In questo contesto, quale può essere il ruolo di cittadini, istituzioni e privati?
«Contribuire alla conoscenza e al rispetto dei centri storici, del paesaggio, delle opere d’arte e di quelle che conservano un valore meramente testimoniale nel contesto storico territoriale nel quale sono state prodotte. Sarà così possibile acquisire da questo patrimonio ulteriori valenze e significati permettendo l’elaborazione di nuovi valori culturali che concorrono a promuovere la crescita civile delle comunità locali».
Il campus della Cattolica a Santa Monica è ormai realtà consolidata, fervono i lavori all’ex caserma Manfredini che ospiterà il Politecnico e al complesso di San Benedetto dove si trasferirà l’Archivio di Stato, ultimi in ordine di progettualità il comparto Radaelli e San Francesco. Un tempo vuoti contenitori, in futuro grandi opportunità per Cremona.
«Santa Monica è stato un banco di prova importantissimo, San Francesco, invece, una ‘palestra’ dell’esercizio di riqualificazione e recupero di importanti parti della città con nuove funzioni d’uso che poco alla volta vanno definendosi. Di miracolo mi sento di parare riguardo a San Benedetto, dopo anni di lavoro si iniziano a vedere i primi frutti. Se tutto procede come spero, a febbraio sarà formalizzata la donazione al demanio da parte della Stauffer. Noi siamo già pronti con lo studio di fattibilità. Ecco che una zona molto degradata ma interessante dal punto di vista storico sarà recuperata. Ho qualche idea anche per Corpus Domini e Cavallerizza, ma se ne riparlerà».
Sarebbe utili un censimento dei beni cittadini pubblici?

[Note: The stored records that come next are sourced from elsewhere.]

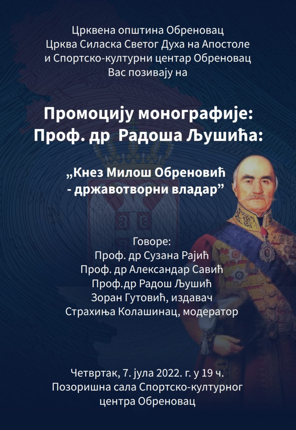 У позоришној сали Спортско-културног центра “Обреновац“ у четвртак, 7. јула са почетком у 19.00 сати, биће одржана промоција монографије професора др Радоша Љушића, “Кнез Милош Обреновић – државотворни владар“.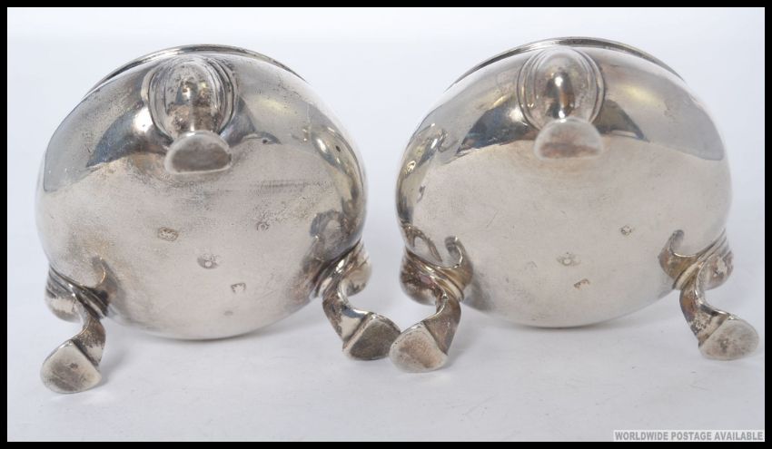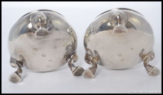 A pair of heavy solid silver antique hallmarked salts. Marks obscured to base, but each standing on three ball and claw feet. H4cm 89 grams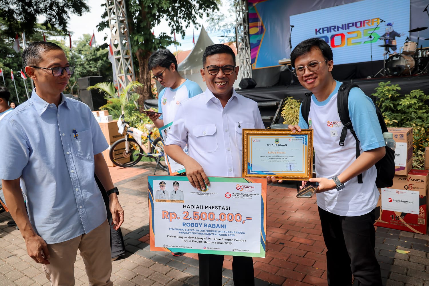 Gubernur Banten, Andra Soni menegaskan pentingnya peran generasi muda sebagai penggerak kemajuan bangsa. Hal itu disampaikan gubernur saat membuka kegiatan Karnipora 2025 yang digelar di halaman Gedung Negara Provinsi Banten, Jalan K.H. Syamun No. 5, Kota Baru, Kota Serang, pada Sabtu (25/10/2025).

«Decisamente sì, utilissimo per quantificare il patrimonio, fissarne il valore, razionalizzare alcune scelte, proporre idee legate a future funzioni. Inventarsi una destinazione d’uso non è semplice, tendenzialmente direi che andrebbe conservata quella originaria, ma capisco che, nella pratica, alcune strade alla fine risultano impraticabili».
Molti beni in mano privata sono abbandonati e in degrado.
«Ricordo il caso di villa Obizza, nel cremasco. Sono state aperte molte campagne per restaurare l’edificio, ma nessuna andata a buon fine. In questo e in tanti altri casi simili la Soprintendenza nulla può».
Si parla spesso di vincolo di tutela, che tanto spaventa privati e amministrazioni. Può spiegare in cosa consiste?
«Più di vincolo parlerei di provvedimento di tutela. Significa che gli interventi devono rientrare in una logica di conservazione che non significa avere le mani legate e non ‘trasformare’, ma agire secondo certi criteri stabiliti per legge. È soggetto anche ad una serie di sgravi fiscali e benefici sostanziosi».
Tutta colpa della Soprintendenza se i lavori sono fermi e si perdono i finanziamenti, si sente dire.
«Siamo frequentemente il capro espiatorio ideale ai limiti degli uffici tecnici, ma non intendo con questo fare polemica. I tempi strettissimi, i progetti non corretti, la burocrazia non sono di aiuto, la comunicazione talvolta non è efficace. Ma siamo sempre disponibili al dialogo e al rapporto leale con le amministrazioni. Al loro fianco, non un nemico da combattere».